What about the cable networks?
Under the now-defunct Netflix deal, WBD’s cable networks would have split off into a different company from its streaming ventures. That means that Netflix would have had nothing to do with the cable news network CNN.
However, Paramount Skydance’s bid was different. Paramount offered to purchase the entirety of WBD, keeping its streaming and cable businesses combined. So now Paramount, which already owns CBS News, is also going to own CNN.
So is Ellison going to sell off the cable networks? Apparently not. “There’s [sic] no plans to divest or spin off a package of cable assets at this time,” said Paramount Skydance’s Chief Strategy Officer Andy Gordon on Monday.
This makes sense—control over WBD’s cable networks means control over CNN, and control over CNN means a lot of influence over American politics.
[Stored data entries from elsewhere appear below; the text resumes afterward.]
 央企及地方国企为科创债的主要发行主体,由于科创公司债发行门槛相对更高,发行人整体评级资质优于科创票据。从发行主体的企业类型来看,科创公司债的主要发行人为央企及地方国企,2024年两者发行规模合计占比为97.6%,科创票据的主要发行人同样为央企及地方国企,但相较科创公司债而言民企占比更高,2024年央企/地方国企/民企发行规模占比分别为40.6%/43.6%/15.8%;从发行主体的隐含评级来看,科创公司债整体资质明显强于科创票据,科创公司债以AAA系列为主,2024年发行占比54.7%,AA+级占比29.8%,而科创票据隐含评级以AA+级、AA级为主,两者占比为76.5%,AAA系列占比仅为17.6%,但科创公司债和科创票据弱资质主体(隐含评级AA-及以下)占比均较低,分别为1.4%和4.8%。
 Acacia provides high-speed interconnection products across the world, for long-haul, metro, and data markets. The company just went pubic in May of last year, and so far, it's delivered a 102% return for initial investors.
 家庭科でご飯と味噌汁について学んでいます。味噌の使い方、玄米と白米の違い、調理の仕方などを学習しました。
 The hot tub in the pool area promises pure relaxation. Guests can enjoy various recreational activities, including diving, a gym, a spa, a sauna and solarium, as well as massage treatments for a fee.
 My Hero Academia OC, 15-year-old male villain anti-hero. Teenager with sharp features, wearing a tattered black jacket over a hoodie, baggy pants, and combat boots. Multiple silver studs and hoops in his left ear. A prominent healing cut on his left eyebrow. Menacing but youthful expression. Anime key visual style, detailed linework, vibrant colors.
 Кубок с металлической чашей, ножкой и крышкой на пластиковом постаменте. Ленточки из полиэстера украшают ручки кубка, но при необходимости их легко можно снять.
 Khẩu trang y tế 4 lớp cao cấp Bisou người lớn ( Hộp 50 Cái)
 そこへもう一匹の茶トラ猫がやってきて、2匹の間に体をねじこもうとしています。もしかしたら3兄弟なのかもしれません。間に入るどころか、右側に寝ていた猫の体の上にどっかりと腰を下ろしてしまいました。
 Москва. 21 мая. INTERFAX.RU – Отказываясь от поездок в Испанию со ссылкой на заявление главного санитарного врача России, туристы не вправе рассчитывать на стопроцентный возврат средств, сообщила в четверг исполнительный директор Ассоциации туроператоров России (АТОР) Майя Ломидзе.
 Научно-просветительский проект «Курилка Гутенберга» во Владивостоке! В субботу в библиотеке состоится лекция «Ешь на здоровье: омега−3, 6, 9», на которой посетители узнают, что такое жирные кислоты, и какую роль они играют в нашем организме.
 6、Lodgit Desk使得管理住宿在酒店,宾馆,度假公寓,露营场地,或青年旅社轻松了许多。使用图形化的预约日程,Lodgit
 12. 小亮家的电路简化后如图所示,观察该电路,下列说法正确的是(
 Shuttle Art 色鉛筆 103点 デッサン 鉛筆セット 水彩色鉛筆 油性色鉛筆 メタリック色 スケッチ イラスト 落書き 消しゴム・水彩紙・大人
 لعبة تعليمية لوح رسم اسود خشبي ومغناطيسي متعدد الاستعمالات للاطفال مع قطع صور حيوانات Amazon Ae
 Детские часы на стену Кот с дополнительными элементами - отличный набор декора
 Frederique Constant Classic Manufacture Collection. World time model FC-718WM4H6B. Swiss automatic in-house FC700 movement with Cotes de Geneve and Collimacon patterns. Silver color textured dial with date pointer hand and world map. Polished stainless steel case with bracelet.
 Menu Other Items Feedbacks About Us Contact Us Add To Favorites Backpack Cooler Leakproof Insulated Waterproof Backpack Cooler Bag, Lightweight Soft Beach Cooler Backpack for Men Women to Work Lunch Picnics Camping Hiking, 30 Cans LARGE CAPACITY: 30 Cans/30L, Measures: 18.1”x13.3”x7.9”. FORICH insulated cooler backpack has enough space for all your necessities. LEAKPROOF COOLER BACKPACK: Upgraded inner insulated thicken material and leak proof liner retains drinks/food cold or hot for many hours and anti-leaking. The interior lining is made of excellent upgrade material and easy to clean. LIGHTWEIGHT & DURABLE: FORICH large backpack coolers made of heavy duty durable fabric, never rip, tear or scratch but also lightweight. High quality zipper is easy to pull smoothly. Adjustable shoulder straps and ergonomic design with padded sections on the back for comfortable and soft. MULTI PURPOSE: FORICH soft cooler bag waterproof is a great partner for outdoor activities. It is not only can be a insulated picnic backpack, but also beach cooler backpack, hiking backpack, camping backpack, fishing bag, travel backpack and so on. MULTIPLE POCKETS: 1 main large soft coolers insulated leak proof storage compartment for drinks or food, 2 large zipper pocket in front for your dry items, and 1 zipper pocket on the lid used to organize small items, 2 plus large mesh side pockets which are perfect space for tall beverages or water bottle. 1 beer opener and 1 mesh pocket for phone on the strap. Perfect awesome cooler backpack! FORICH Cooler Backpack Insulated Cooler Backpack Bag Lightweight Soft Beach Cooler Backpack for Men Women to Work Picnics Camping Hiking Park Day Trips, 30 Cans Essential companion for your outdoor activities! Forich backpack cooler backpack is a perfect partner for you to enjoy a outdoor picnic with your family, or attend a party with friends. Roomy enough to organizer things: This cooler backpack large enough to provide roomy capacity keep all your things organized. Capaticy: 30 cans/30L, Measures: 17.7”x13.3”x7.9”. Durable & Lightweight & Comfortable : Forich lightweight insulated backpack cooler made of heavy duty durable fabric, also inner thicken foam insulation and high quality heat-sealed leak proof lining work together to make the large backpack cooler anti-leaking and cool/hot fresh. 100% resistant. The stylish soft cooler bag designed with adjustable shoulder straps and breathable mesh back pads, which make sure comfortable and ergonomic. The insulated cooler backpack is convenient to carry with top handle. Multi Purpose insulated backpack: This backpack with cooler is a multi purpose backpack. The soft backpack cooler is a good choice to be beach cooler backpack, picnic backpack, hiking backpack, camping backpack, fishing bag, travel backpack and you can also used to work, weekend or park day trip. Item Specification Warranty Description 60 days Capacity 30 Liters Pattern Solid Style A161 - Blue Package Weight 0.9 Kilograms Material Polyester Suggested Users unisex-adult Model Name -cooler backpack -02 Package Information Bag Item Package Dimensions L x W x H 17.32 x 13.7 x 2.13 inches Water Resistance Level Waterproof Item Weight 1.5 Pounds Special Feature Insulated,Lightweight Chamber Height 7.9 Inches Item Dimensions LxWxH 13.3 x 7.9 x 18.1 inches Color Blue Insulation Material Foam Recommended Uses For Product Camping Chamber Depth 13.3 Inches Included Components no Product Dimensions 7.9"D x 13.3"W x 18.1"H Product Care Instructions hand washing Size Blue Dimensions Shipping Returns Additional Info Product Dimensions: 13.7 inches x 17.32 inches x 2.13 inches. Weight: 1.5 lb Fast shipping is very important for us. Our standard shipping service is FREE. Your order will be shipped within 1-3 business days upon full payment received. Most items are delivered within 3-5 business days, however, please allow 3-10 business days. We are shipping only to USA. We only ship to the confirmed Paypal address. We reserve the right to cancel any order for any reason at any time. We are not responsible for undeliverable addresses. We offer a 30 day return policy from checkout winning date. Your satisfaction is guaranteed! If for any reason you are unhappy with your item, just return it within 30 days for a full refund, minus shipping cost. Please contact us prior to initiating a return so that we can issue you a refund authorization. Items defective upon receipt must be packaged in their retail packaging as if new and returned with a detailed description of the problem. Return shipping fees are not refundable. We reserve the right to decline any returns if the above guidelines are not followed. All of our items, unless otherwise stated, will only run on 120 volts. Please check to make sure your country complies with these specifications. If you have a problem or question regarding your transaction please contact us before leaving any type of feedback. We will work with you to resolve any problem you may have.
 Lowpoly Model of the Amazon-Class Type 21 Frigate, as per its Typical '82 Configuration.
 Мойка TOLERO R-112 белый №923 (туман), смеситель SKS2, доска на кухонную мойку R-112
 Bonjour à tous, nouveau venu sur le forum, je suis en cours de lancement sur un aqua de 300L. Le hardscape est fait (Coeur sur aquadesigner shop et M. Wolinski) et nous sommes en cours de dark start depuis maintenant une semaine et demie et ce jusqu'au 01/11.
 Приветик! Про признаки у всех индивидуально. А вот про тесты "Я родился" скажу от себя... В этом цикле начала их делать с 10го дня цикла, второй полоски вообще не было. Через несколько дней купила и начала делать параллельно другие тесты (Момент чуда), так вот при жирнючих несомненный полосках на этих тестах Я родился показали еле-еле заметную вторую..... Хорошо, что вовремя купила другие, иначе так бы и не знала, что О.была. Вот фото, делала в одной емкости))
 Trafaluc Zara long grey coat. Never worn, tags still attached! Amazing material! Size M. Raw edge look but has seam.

It’s worth noting that David Ellison’s father is a Trump ally and recently moved closer to Mar-a-Lago, and that David Ellison once assured the Trump administration that he’d “make sweeping changes to CNN.”
President Trump has disapproved of CNN’s coverage in the past, calling it a “political arm of the Democrat Party.” It stands to reason that his allies at Paramount might try to turn CNN into a Republican asset after the merger, becoming much more like Fox News.
It’s also unclear whether Paramount is still backed by the governments of three Middle Eastern countries that supported its initial bid at the end of 2025. According to Business Insider, Saudi Arabia, Qatar, and Abu Dhabi offered $24 billion to help Paramount Skydance acquire Warner Bros. Discovery, and no one knows the terms of that deal or whether it carried over to the final sale. But if it did, that would mean three foreign governments might control a major American news source.
The political implications could become seismic, deepening the fissures already yawning throughout American society.